Calvatia booniana, commonly known as the western giant puffball, is a species of puffball mushroom.

==Description==
The fruit body can grow 10 to 70 cm in diameter, as large as its close relative, the giant puffball of eastern North America and Europe. Its shape is round or a flattened sphere with no stalk and is at least 12 cm across when mature. The exterior is white or tan. Unlike giant puffballs, which are smooth, the western giant puffball is covered with plaques or large pointed warts. The interior is first firm and white, then yellow and slimy, and finally powdery.

Unlike most puffballs, the western giant puffball reproduces in three stages asexually. Smaller western giant puffballs usually clump of the epididymal covering of the parent.

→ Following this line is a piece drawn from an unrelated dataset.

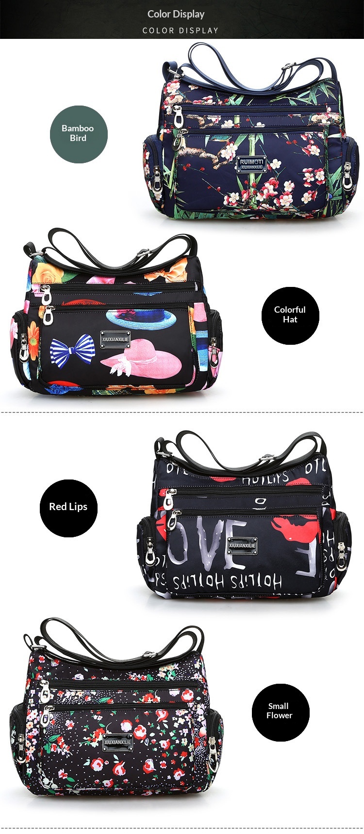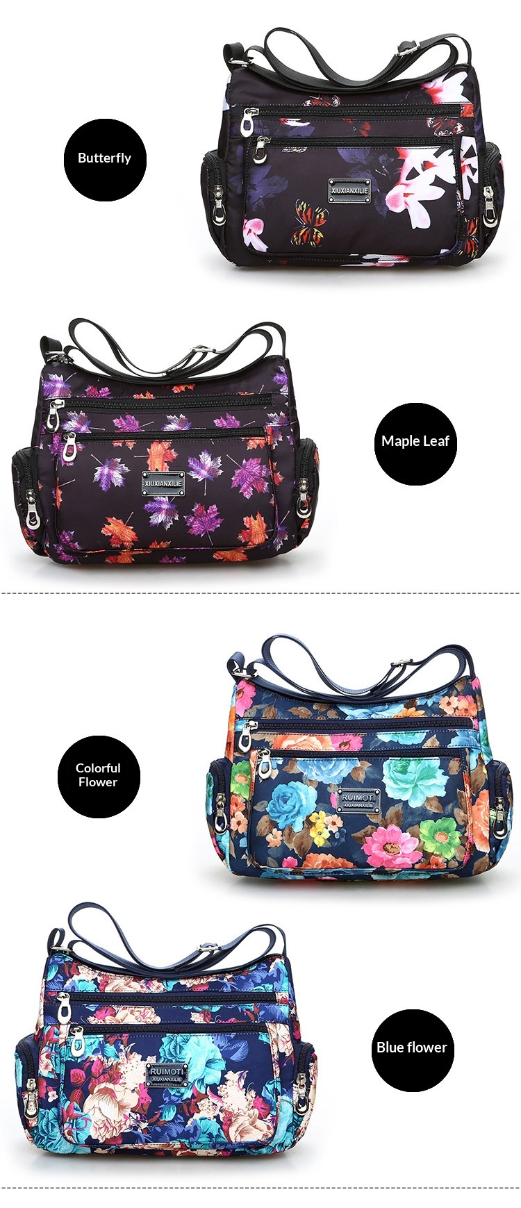 Colors: blue flowers, colorful flowers, maple leaves, butterflies, perfume, colorful umbrella, red flowers, white flowers, small flowers, red lips, colorful hat, bamboo and birds

==Habitat and distribution==
Like the giant puffball, it grows on composted soil such as in meadows, fields, and forests, as well as on roadsides, sagebrush flats, pastures, and other sunny places. In general, western giant puffballs occur on the west side of the Rocky Mountains and giant puffballs occur on the east side. On the West Coast of North America, the western giant puffball is replaced by the giant puffball or a closely related species.

==Uses==
The western giant puffball is edible when completely white inside, but may cause a laxative effect for some people. Those that have even traces of yellow or green are inedible. It does not wash well, so trimming most of the dirt off is best. Washing with water makes it too soggy to saute. It is seasoned the same way as the giant puffball. It is good cubed and cooked in soup, breaded and deep-fried, steamed, sauteed, or simmered like other mushrooms. The western giant puffball, like the giant puffball, does not dehydrate well but can be cooked (to prevent it from becoming mush) and then frozen. After it thaws it should be cooked again. With the texture of tofu or marshmallows it is similar to the giant puffball. Like many other foodstuffs (and many puffballs), not all specimens taste the same.